Self-Discipline, Or Not

Catfish brought home a 3.5-pound bag of Peanut M&Ms from Sam's Club yesterday. I hate him.

Actually, it's still sitting on the shelf, or about 3.2 pounds of it is, anyway.

If he had brought it home when I was at the top of my Effexor dose, 150 mg per day, I would have chowed the entire bag down in 2.5 days. If he'd brought it home when I was at 75 mg of Effexor a day, it would've taken me 5.0 days.

I told my psychiatrist how bad my bad-food cravings were when I was on so much Effexor, and he didn't seem surprised, which surprised me. From what I've read, serotonin does affect food cravings -- but it's low levels of serotonin that'll keep your hand going back to that bag. Effexor should've raised my serotonin levels, but instead it raised my M&M levels. Then again, maybe it was my phlegmatism that made my chocomania so expected.

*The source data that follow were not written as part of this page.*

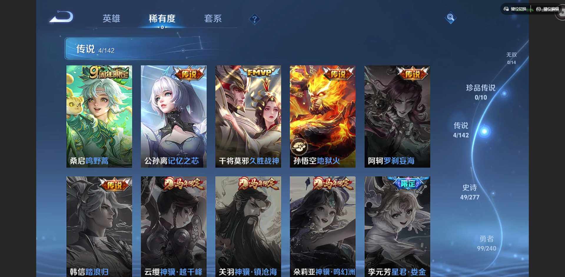 /实名: 可修改 贵族等级: V5 英雄数: 128 皮肤数: 196 荣耀水晶: 千魇归渊 星传说: 幽冥火 传说皮: 久胜战神,地狱火,记忆之芯 限定皮: 李小龙,梁祝,五谷丰年,鸣野蒿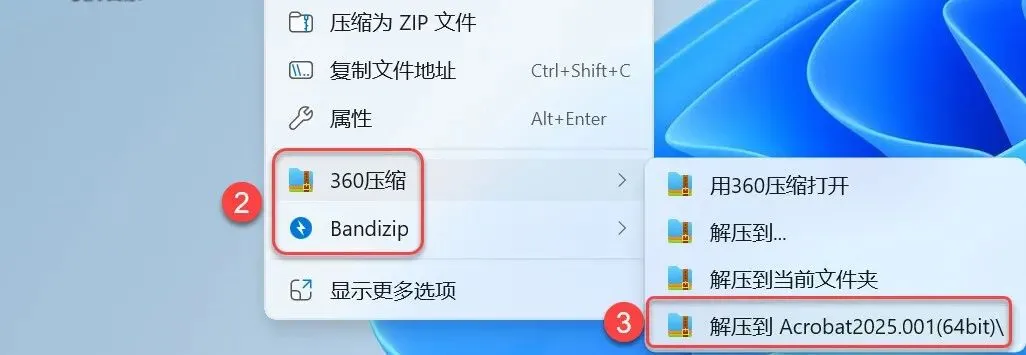 1.解压安装包:①鼠标右击【Acrobat2025.001(64bit)】压缩包②选择电脑上安装的解压软件(如:360压缩)③点击【解压到 Acrobat2025.001(64bit)】。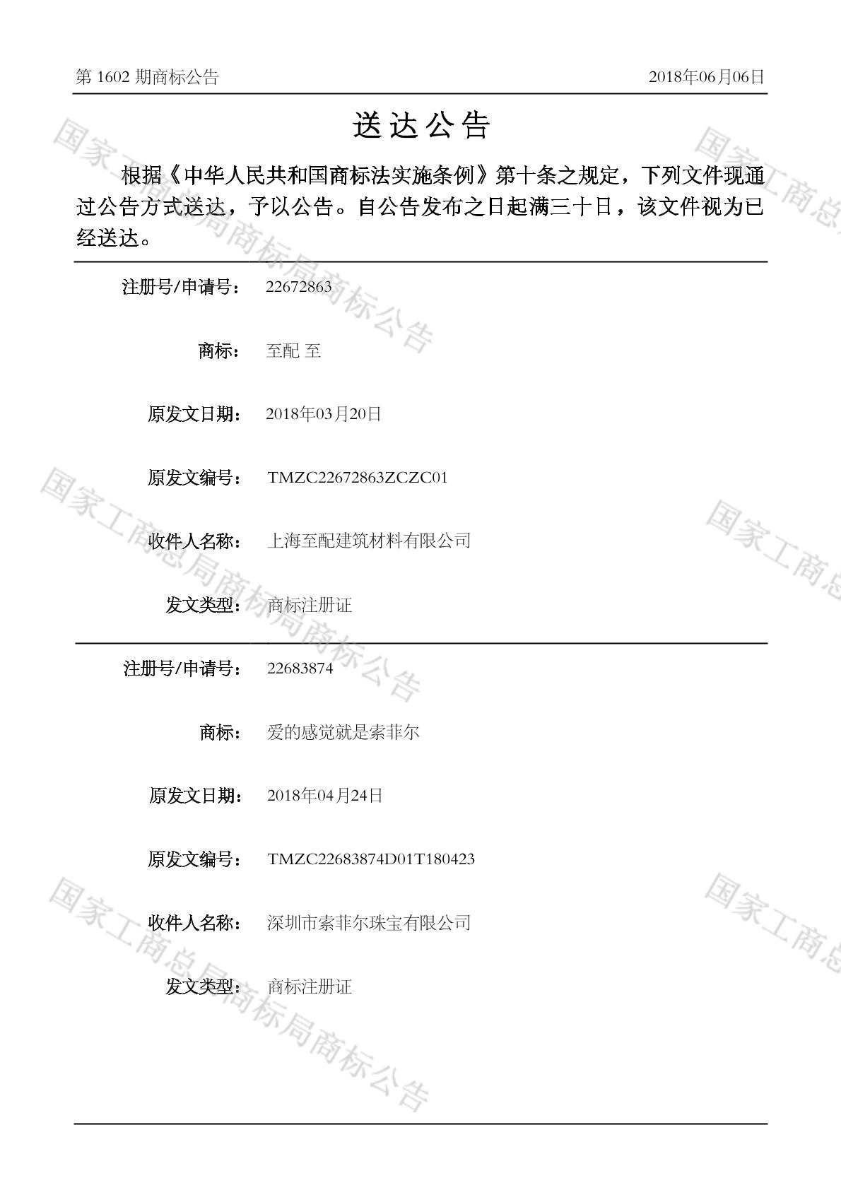 2018-06-06 商标注册申请 | 排版送达公告(商标注册证)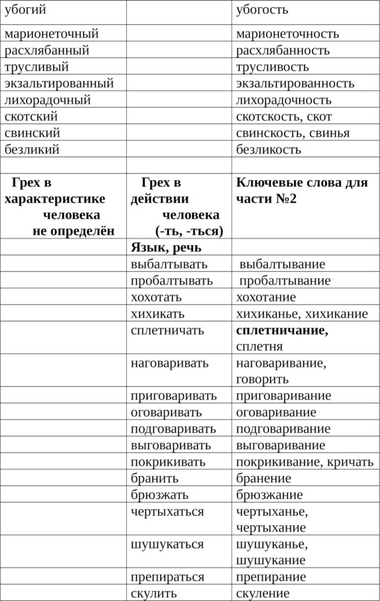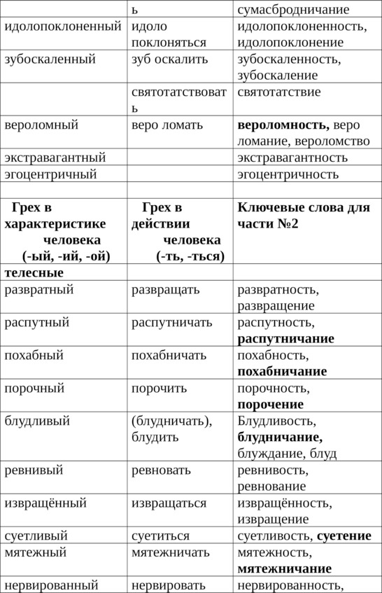 Начнём со слов называющих грех, так как они по иерархии ближе стоят к нейтральным словам.

My point, though, is that for a lot of what we do, there's a chemical behind it. We all talk about chocolate during PMS, pickles and ice cream in pregnancy -- but my Effexor experiment sold me on the more abstract idea that our brain chemicals can influence behaviors like self-discipline. Yeah, yeah, self-discipline is a muscle, we know; all the same, coming down off the Effexor was like giving that muscle a shot of 'roids with each smaller dose. So though we can work on our self-discipline just like any other behavior, we've also lucked (or unlucked) into its initial state just as we have the shape of our toenails.

So if you're wondering why you suck so bad at doing your exercises every day or not eating so many cheeseburgers, consider that there's probably a chemical behind it. And give into it. Let yourself suck. Eat cheeseburgers at an astronomical rate. Scolding yourself is not going to stem the cheeseburger scarfing. Accepting your weak self-discipline muscle for what it is and then working to make it stronger might.

And if you can't stop eating cheeseburgers because you're depressed, consider changing your diet as a psychiatric tactic. We store 95% of our serotonin in our intestines. Our bowels are our "second brain."

P.S. We are doing one push-up for every M&M eaten. That theory that self-discipline in any area affects every area is gonna kick in any minute.